Just a decade ago, Ecuador was transitioning to hydroelectric power, aiming to harness its abundant rivers to meet growing energy demands and drive economic growth. However, this vision is now challenged by a severe drought linked to climate change, which has significantly affected the country's power grid.
Since September, Ecuador has faced daily energy cuts lasting up to 14 hours. The drought has dried rivers and reservoirs, resulting in widespread blackouts, loss of water supply, and disrupted communication services. An industry group estimates the nation loses $12 million in productivity and sales for every hour of power outage.
The drought affecting Ecuador mirrors similar issues globally, with countries such as Zambia and China also experiencing significant power outages due to water scarcity related to climate conditions. More than one billion people reside in nations where hydropower constitutes over 50% of their energy sources, and many scientists predict that climate change will make hydropower increasingly unreliable.
In Ecuador, President Daniel Noboa recently promised to alleviate the power cuts, claiming that energy imports from Colombia would help ease the crisis. Energy experts, however, caution that without substantial rainfall, outages may persist until 2026, emphasizing the need for diversification in the country’s energy sector.

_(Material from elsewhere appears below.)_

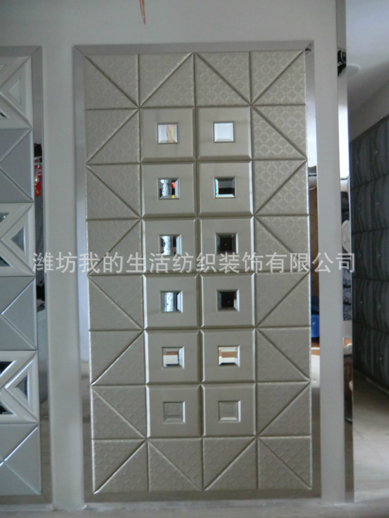 造型特点说明 :硬包模块造型。标准尺寸,边用非标准填充。材料:皮革、镜片。

The roots of Ecuador's energy struggles can be traced back to investments made under former President Rafael Correa, who initiated numerous hydroelectric projects to modernize the energy landscape. However, challenges including design flaws and subsequent administrations' maintenance neglect have contributed to the current crisis.
Former presidents have expressed differing views on the energy crisis, with some attributing the issue to the excessive focus on hydroelectric energy, which has rendered the system vulnerable to climate change. Others cite economic challenges and the need for long-term solutions to energy security.
Various social sectors are feeling the impacts of the ongoing power cuts, including educational institutions and small businesses. A notable example is a foundation in Quito that provides job training for individuals with disabilities, which faces severe financial strain due to rising energy costs.
Small businesses, such as ice cream shops dependent on refrigeration, have also been heavily affected, losing significant inventory due to outages. Moreover, the poorest communities bear the brunt of the crisis, as they lack safety nets during energy shortages.
The situation poses critical challenges for families like that of Katherine Mantilla, whose newborn daughter relies on an oxygen tank, yet cannot afford to refill it due to the loss of income from her job selling sandwiches at busy traffic stops.